Modern outpatient T2DM pharmacotherapy is comorbidity-driven: select agents (GLP-1 RA, SGLT2 inhibitor, metformin) based on the patient's dominant ASCVD, HF, CKD, or obesity phenotype rather than chasing A1c alone, while individualizing glycemic targets, screening complications annually, and aggressively addressing BP, lipids, lifestyle, and vaccinations.

Board pearl: If a Step 3 vignette gives you a comorbidity (HF, ASCVD, CKD, obesity, pregnancy planning), the comorbidity-targeted agent comes first, and a near-perfect approach is GLP-1 + SGLT2 + metformin as your modern triple-pillar foundation in high-risk patients — with adjustments for renal function, pregnancy, and patient safety throughout the longitudinal care journey.

First-line logic: Comorbidity dictates the agent — HFrEF/HFpEF/CKD → SGLT2 inhibitor; ASCVD/obesity → GLP-1 RA; otherwise metformin; combination from the start if A1c ≥1.5% above goal or two comorbidities present.
Goals beyond A1c: Individualize A1c (<7% generally, <8% in complex elderly), but equally treat BP <130/80 with ACEi/ARB, statin in nearly all ≥40, aspirin only for secondary prevention, and 5–10% weight loss.

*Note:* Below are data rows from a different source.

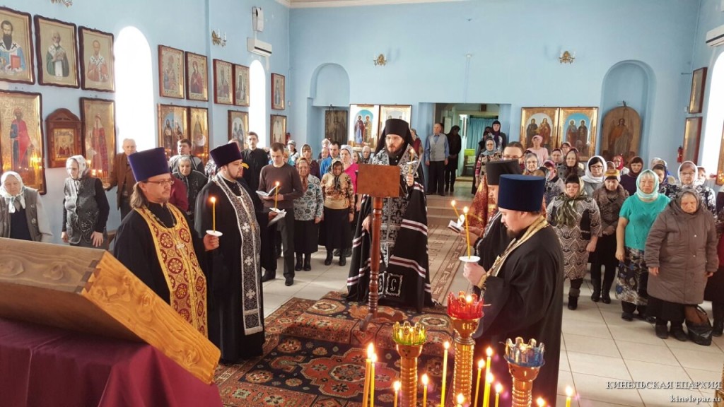 В среду первой седмицы Великого поста Преосвященный Софроний, епископ Кинельский и Безенчукский, совершил великое повечерие с чтением Великого покаянного канона прп. Андрея Критского в храме во имя Архистратига Михаила пгт Усть-Кинельский г.о. Кинель.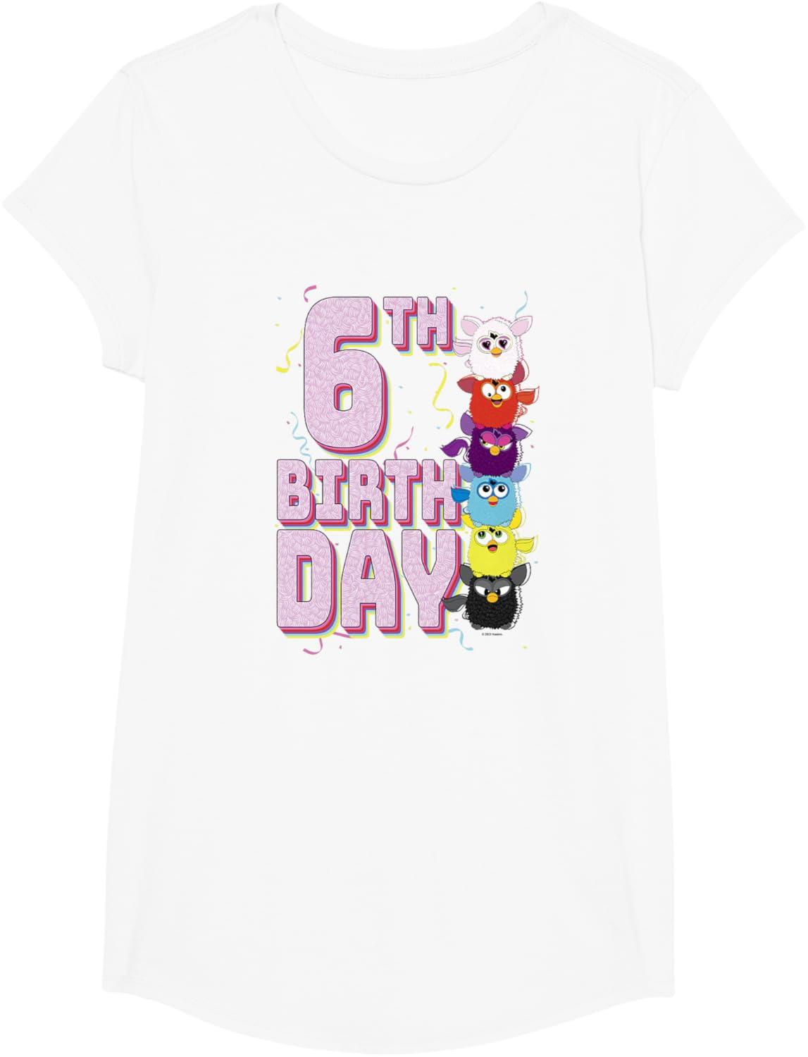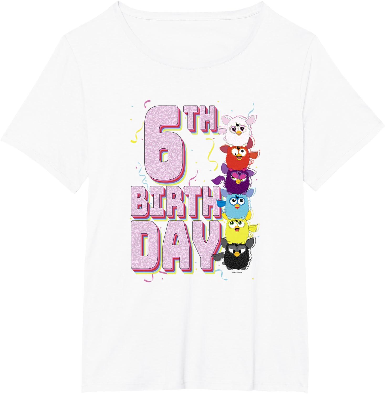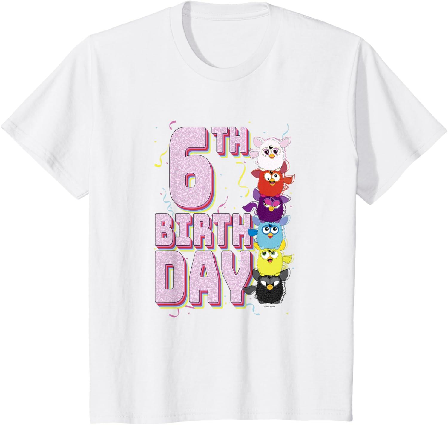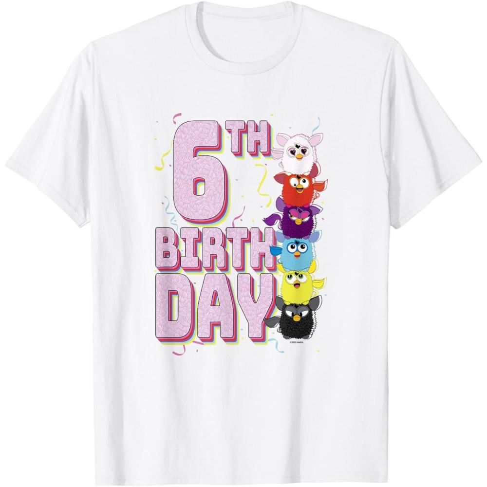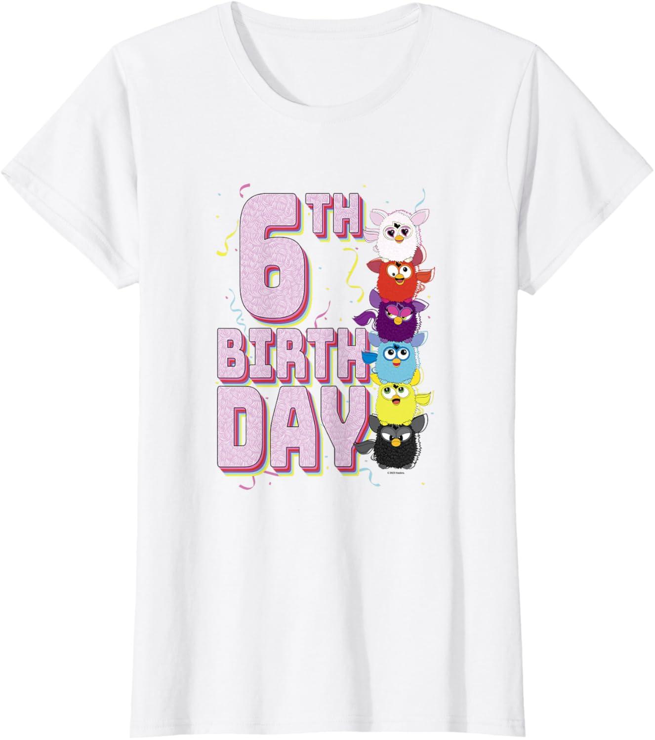 Furby 6th Birthday Stacked Furbies Funny Portrait T-Shirt(White)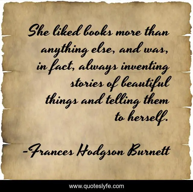 This page presents the quote "She liked books more than anything else, and was, in fact, always inventing stories of beautiful things and telling them to herself.". Author of this quote is Frances Hodgson Burnett. This quote is about beautiful, invention, books, stories, things,.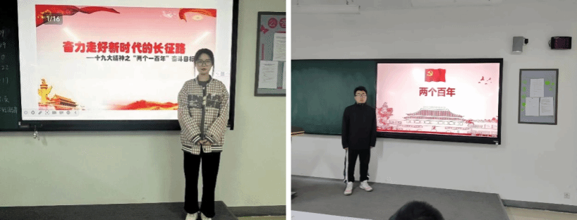 2022级软件工程四班的周新涛同学为同学们讲述了习近平新时代中国特色社会主义思想以事宽广,事长远的眼光来思考和把握党和国家未来发展,为我们实现“两个一百年”奋斗目标提供了理论指导和行动指南,为回答“强起来”的问题,完成“强起来”的任务,在理论上拓展了新视野,在实践上作出了新概括,全面建成小康社会,要考虑 2035 年基本实现现代化的目标和 2049 年的更高目标,要立足于打基础、谋长远、见成效。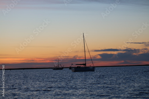 sunset, boat, sea, water, sailboat, yacht, sail, sailing, ocean, sun, heaven, deliver, sunrise, dusk, travel, horizon, summer, coast, calm, nature, silhouette, see, cruise, cloud, beach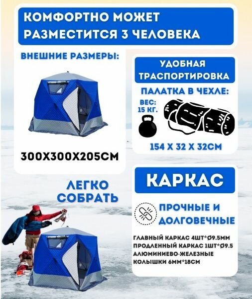 Просторная, широкая, высокая. Можно ловить в полный рост. Мы ставили 2 раскладушки, печку - рыбачили три дня! Красота! Ркеомендую |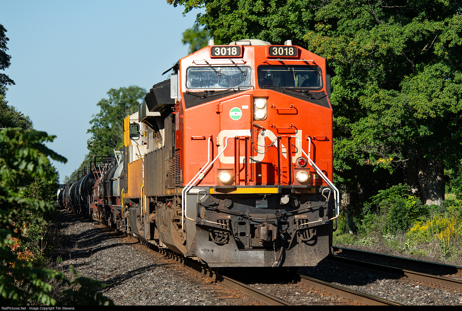 CN ET44AC 3018 leads a short 43 car train L502 east from Sarnia to Garnet.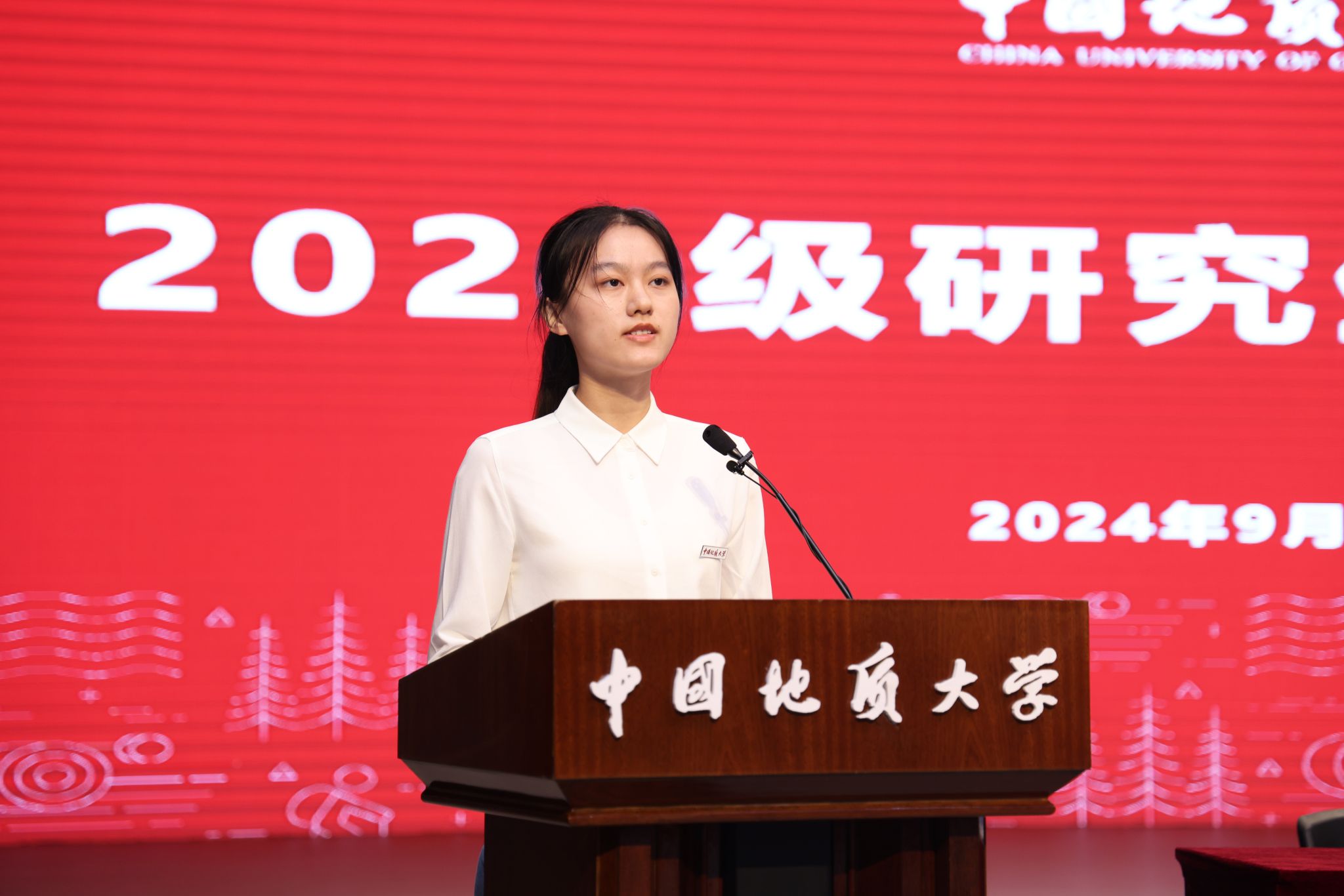 研究生新生代表、公共管理學(xué)院土地資源管理專業(yè)2024級碩士研究生張雪榆同學(xué)發(fā)言。跨越七百多公里,從西子湖畔的浙江大學(xué)來到了東湖之濱的地大,她感嘆緣分的奇妙。她表示,將繼承和發(fā)揚(yáng)地大“艱苦樸素、求真務(wù)實(shí)”的校訓(xùn)精神,在地大這片沃土上茁壯成長,努力為更好地保護(hù)土地資源、促進(jìn)生態(tài)文明建設(shè)貢獻(xiàn)自己的力量。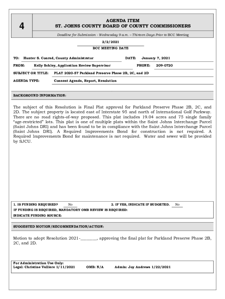 AGENDA ITEM ST. JOHNS COUNTY BOARD OF COUNTY COMMISSIONERS4Deadline for Submission Wednesday 9 a.m. Thirteen Days Prior to BCC Meeting 2/2/2021 BCC MEETING DATE TO:Hunter S. Conrad, County AdministratorFROM:DATE:Kelly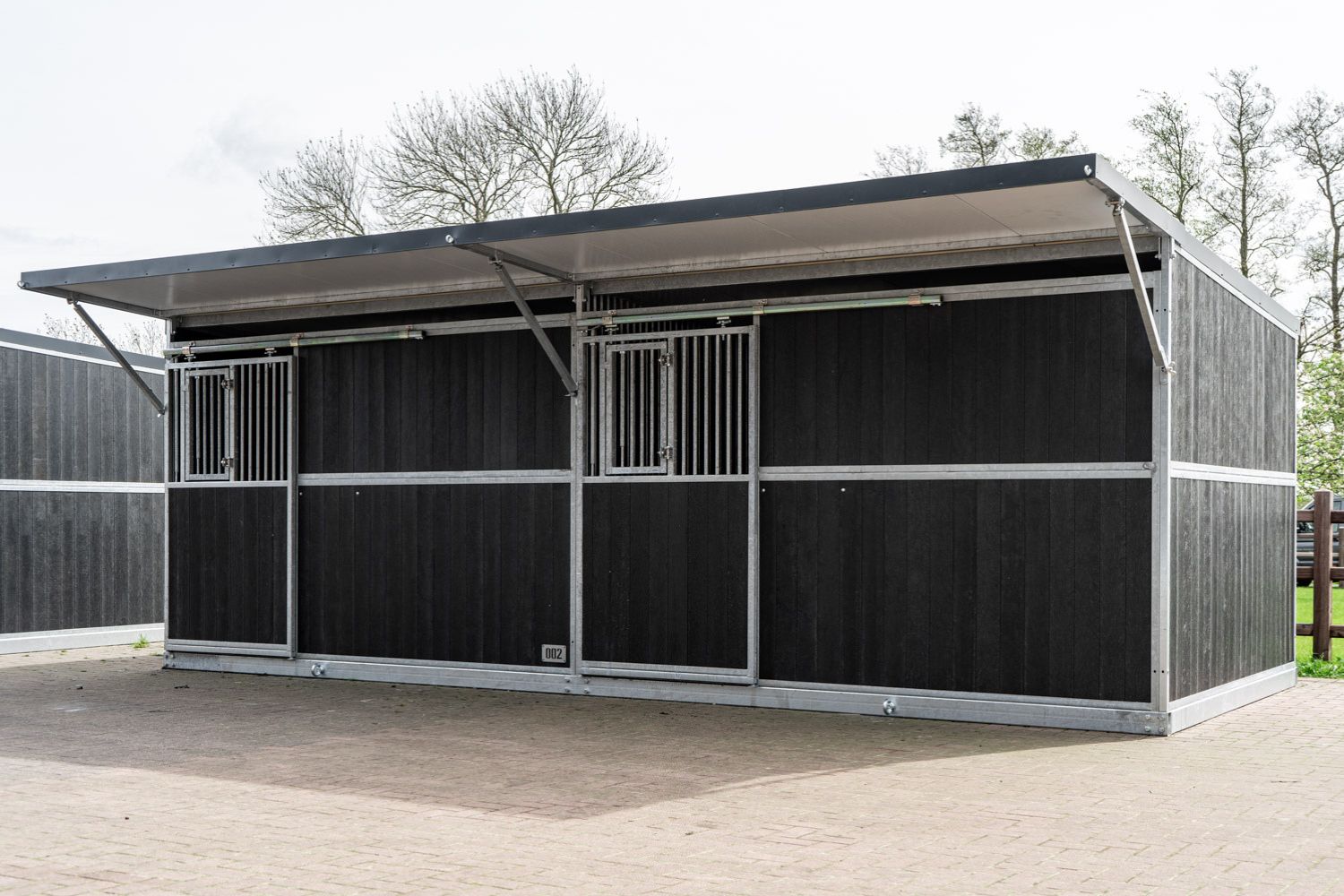 For those who require extra stable capacity quickly and responsibly, Mulder Stable and Yard offers a solution that works from day one. Our mobile outdoor stables are available from stock and can therefore be delivered rapidly. Within the Netherlands and surrounding countries such as Belgium, Germany and Luxembourg, installation often takes place within 5 working days. For other European countries, the average delivery time is approximately 7 working days, depending on the destination. The stable is delivered fully assembled and comes standard with feed and water bowls. Thanks to its well-thought-out design and robust materials, this mobile stable is suitable for a wide range of applications, from temporary housing to planned expansions.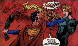 In Tales from the Sinestro Corps: Superboy Prime #1, SP finishes the job he started on the Teen Titans’ Risk in Infinite Crisis — ripping off Risk’s remaining arm at the shoulder.
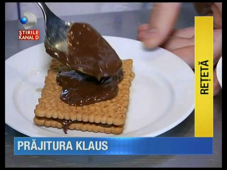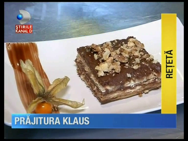 Pentru a pregati prajitura Klaus aveti nevoie de biscutiti, crema de ciocolata, frisca lichida, esenta de rom, cafea si miez de nuca. Se amesteca frisca lichida cu crema de ciocolata, dupa care se adauga putina esenta de rom. Inmuiati biscuitii in cafea, dupa care alternati un strat de biscuiti cu unul de crema. La final presarati miez de nuca si puneti prajitura la frigider pana se intareste.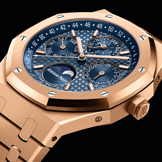 仕様:時・分表示、パーペチュアルカレンダー(週表示、曜日、デイト、アストロノミカル ムーン、月、閏年)、「グランドタペストリー」模様のブルーダイヤル、サブダイヤルとインナーベゼルは「ナイトブルー、クラウド 50」、蓄光処理を施したピンクゴールドのアプライドアワーマーカーとロイヤル オーク針、反射防止加工サファイアガラスとケースバック
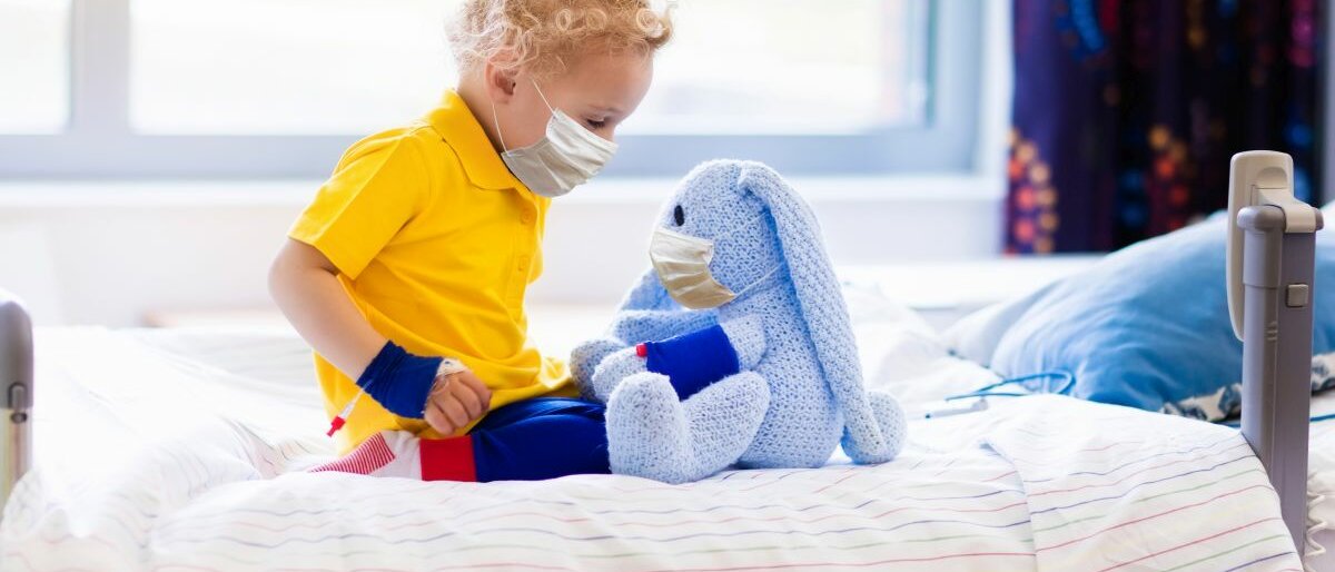 Ein Kind sitzt mit seinem Stoffhasen im Bett eines Krankenhauses und trägt einen Mundschutz.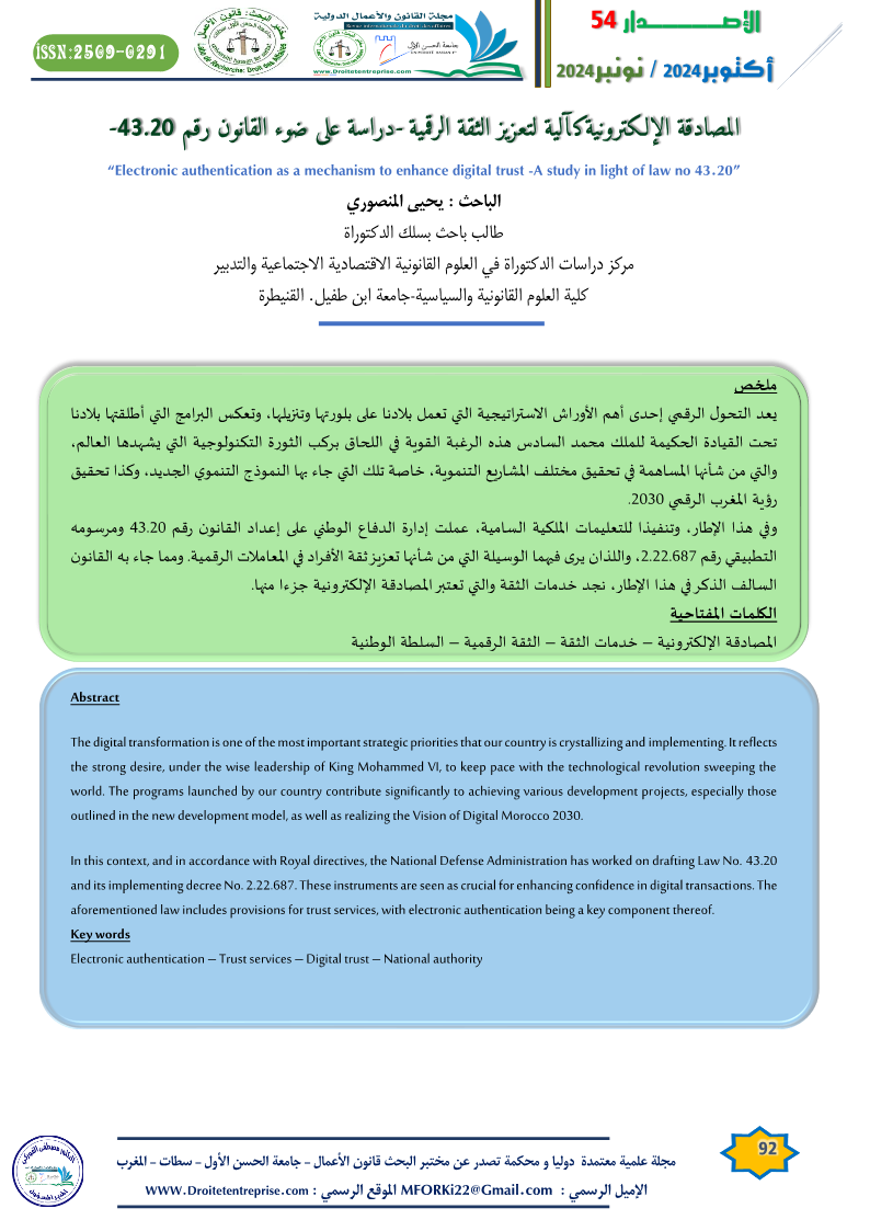 هذا البحث منشور في مجلة القانون والأعمال الدولية الإصدار رقم 54 الخاص بشهري أكتوبر نونبر 2024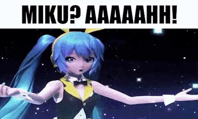 Hatsune Miku dancing in a meme with Portuguese text 'Miku? Marmita? Sai da minha vida! Sai do Bebox!'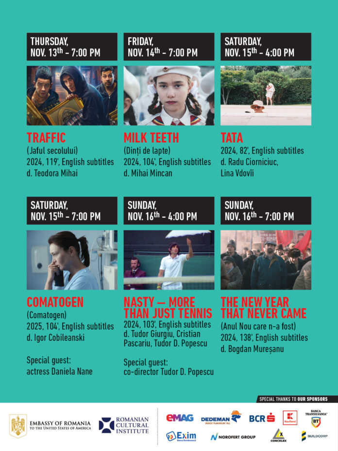 Pe parcursul evenimentului vor fi proiectate şi filme precum „Dinţi de lapte”, „Tata”, „Comatogen”, „Nasty” şi „Anul Nou care n-a fost”. Publicul american va putea întâlni actriţa Daniela Nane, precum şi pe Tudor D. Popescu, iar regizoarea Teodora Ana Mihai se va conecta online. Cristian Mungiu va transmite un mesaj înregistrat.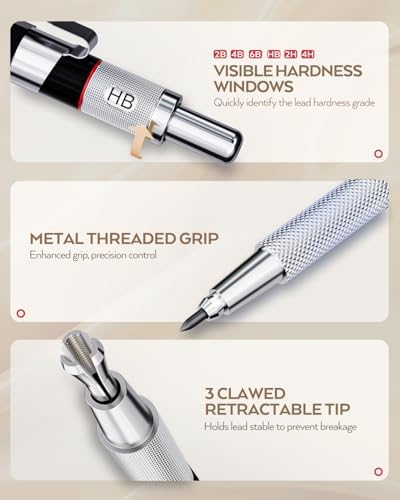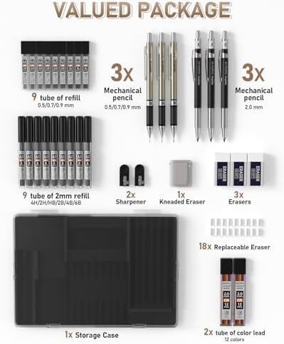 Nicpro 35PCS Art Mechanical Pencil Set, 3 PCS Metal Drafting Pencil 0.5 mm & 0.7 mm & 0.9 mm & 3 PCS 2mm Lead Holder (6B 4B 2B HB 2H 4H Colors) For Sketching Drawing With 20 Tube Lead Refi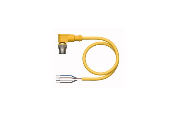 Actuator and Sensor Cable, PUR, Connection Cable, Voltage 60 V, Cable length 5 m, Male M12, angled, 5-pin, Jacket material: PUR, Jacket color: yellow, Grip color: yellow, Suitable for drag chain use, Resistant to chemicals, UV radiation and oils, Flame retardant (FT2 acc. to UL 1581, IEC 60332-2-2), Free from halogen, silicone, PVC and LABS, Particularly resistant to abrasion, Protection class: IP67, IP69K, Cable length: 5.0 m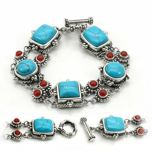 In summary, the LOS270 Antique Tone 925 Sterling Silver Bracelet with Semi-Precious Turquoise is a must-have accessory for anyone who appreciates fine jewelry. Its exquisite design, quality materials, and versatility make it a standout piece that will enhance any jewelry collection.

Safety pillars: Stop SGLT2 during illness/surgery/fasting (euglycemic DKA); hold GLP-1 1 week pre-op; deprescribe sulfonylureas in elderly; verify B12 yearly on chronic metformin; always provide hypoglycemia + glucagon plan for insulin/SU users.
Annual standard-of-care checklist: A1c quarterly until stable; UACR + eGFR; dilated eye exam; comprehensive foot exam; lipid panel; dental visit; depression and diabetes distress screening; influenza, pneumococcal, hepatitis B, COVID-19, RSV (≥60) vaccines; lifestyle reinforcement and diabetes self-management education referral.